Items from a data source

+-------+

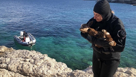 Oğlağın durumunu merak ederek adaya çıkan dalgıçlar, ön ayaklarının çarpık olduğunu gördükleri hayvanı bota alarak Karaburun Dalış Merkezine götürdü.
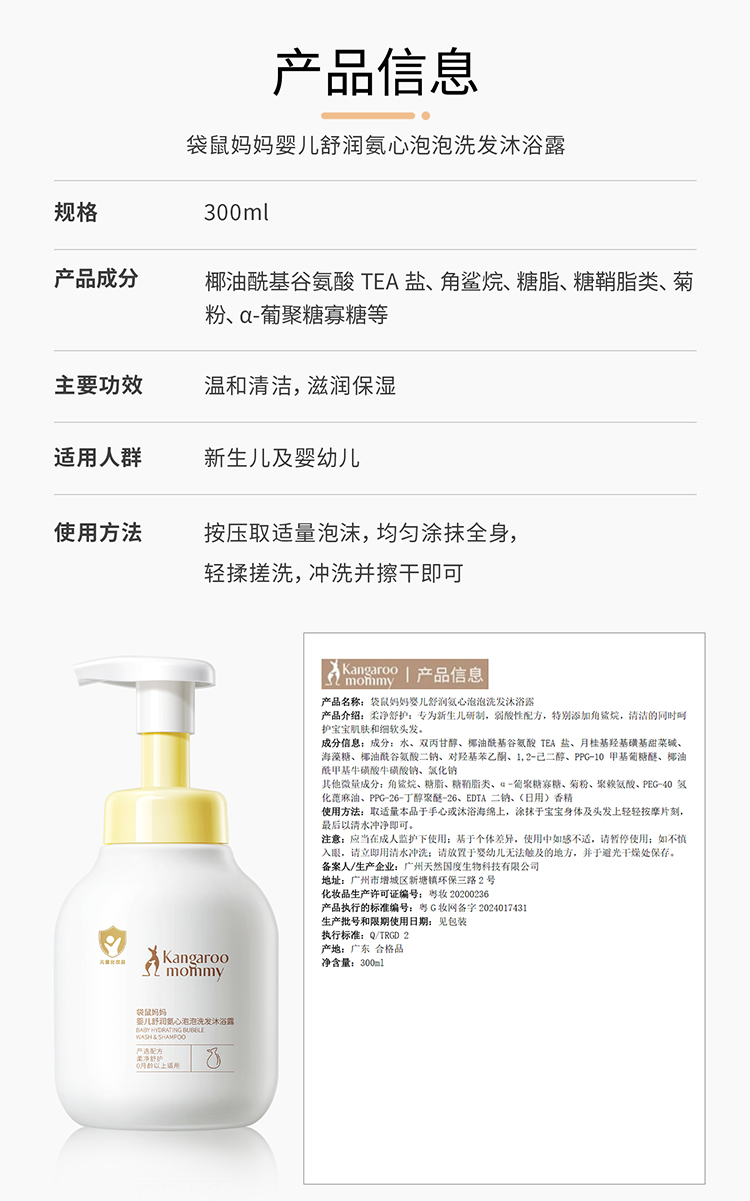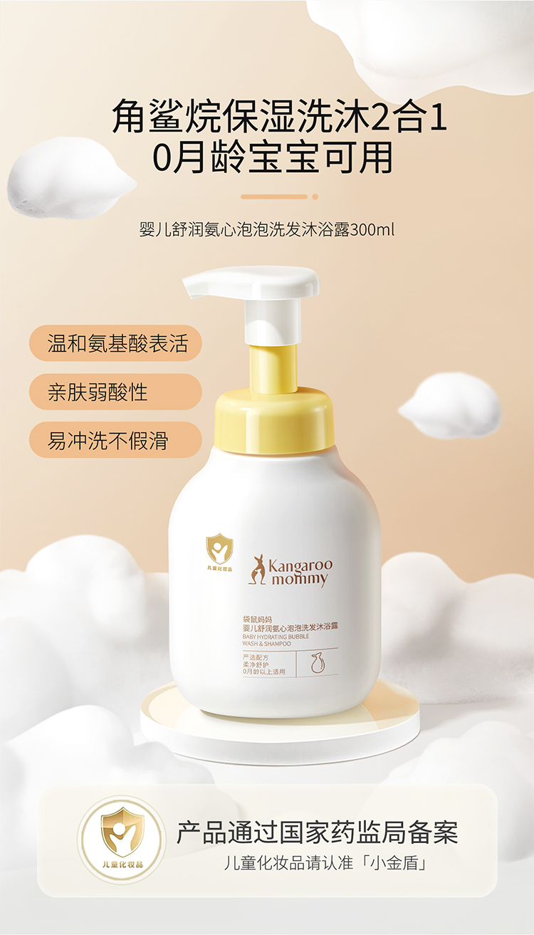 【买1送1】🔥宝宝沐浴露 温和清洁不紧绷 婴儿舒润氨心泡泡洗发沐浴露300ml
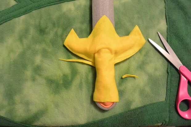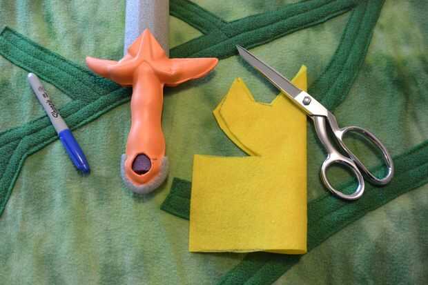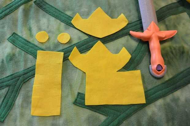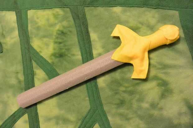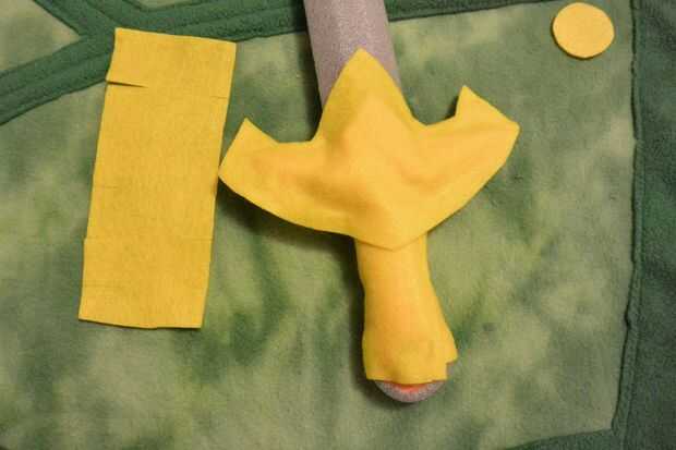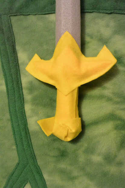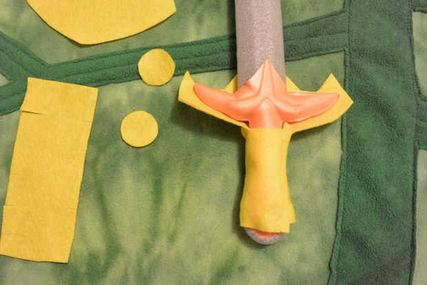 Ahora es el momento para cubrir tu espada en fieltro y darle ese instinto de héroe distinto. A través de ensayo y error, he encontrado que necesito tres piezas para cubrir el mango de la espada (como en la fotografía superior) más dos pequeños círculos para acabar con. Usando el oro sentido, delinear la forma de su espada, manteniendo su forma espada deseada en la mente y dando un margen generoso. Incluye una solapa larga en un lado (se utilizará para envolver alrededor de la manija). Una vez que han cortado ese pedazo principal, doblar a la mitad y comprobación de simetría, entonces utilice como patrón para cortar la pieza más pequeña. El pedazo más pequeño cubre sólo la empuñadura de la espada. Cortar un rectángulo grande y añadir unas ranuras en los bordes largos del rectángulo - esta forma se envuelva alrededor de la parte inferior del mango (pomo). Las ranuras ayudará el abrigo de fieltro en el pomo. Por último, corta dos círculos, aproximadamente 1" de diámetro. Esto va a decorar el pomo.
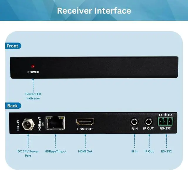 BI-DIRECTIONAL IR & CEC, RS-232 PASS THROUGH & HD AUDIO FORMATS Control your source from your display/receiver side, or vice-versa with through Bi-Directional IR, source devices and displays can be turned on and off with the JTECH-HDT150 through supported CEC commands, and pass RS-232 commands from a computer to your source and display with a Phoenix jack. The JTECH-HDT150 also supports many HD audio formats, including Dolby Digital, Dolby TrueHD, DTS 5.1, and PCM.
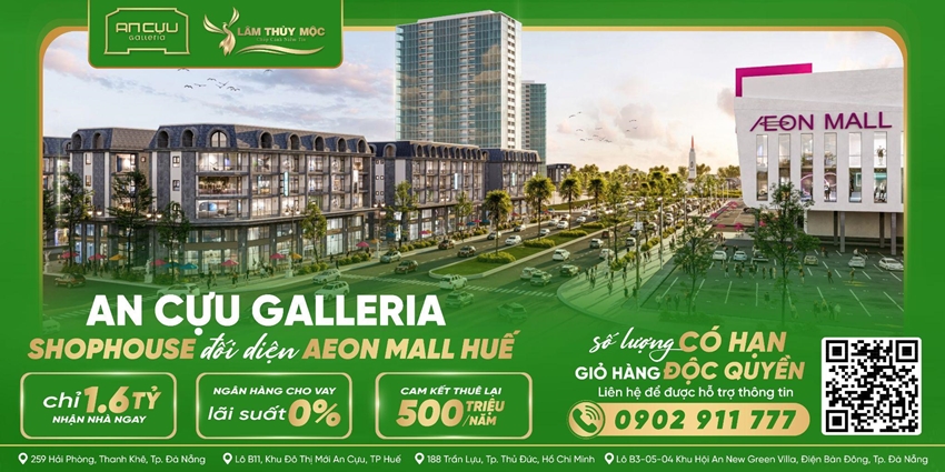 Lâm Thủy Mộc tự hào là đơn vị phân phối độc quyền của dự án shophouse An Cựu Galleria, chỉ còn vài căn cuối cùng, đăng ký nhận thông tin qua số hotline 0902.911.777 để nhận thông tin chi tiết.

+-------+

* [Task brief]: Once the line containing "BI-DIRECTIONAL IR &" is found, copy it and each line after it through the end of the entries above exactly; nothing else, and no pictures.

* [Answer area]:
 BI-DIRECTIONAL IR & CEC, RS-232 PASS THROUGH & HD AUDIO FORMATS Control your source from your display/receiver side, or vice-versa with through Bi-Directional IR, source devices and displays can be turned on and off with the JTECH-HDT150 through supported CEC commands, and pass RS-232 commands from a computer to your source and display with a Phoenix jack. The JTECH-HDT150 also supports many HD audio formats, including Dolby Digital, Dolby TrueHD, DTS 5.1, and PCM.
 Lâm Thủy Mộc tự hào là đơn vị phân phối độc quyền của dự án shophouse An Cựu Galleria, chỉ còn vài căn cuối cùng, đăng ký nhận thông tin qua số hotline 0902.911.777 để nhận thông tin chi tiết.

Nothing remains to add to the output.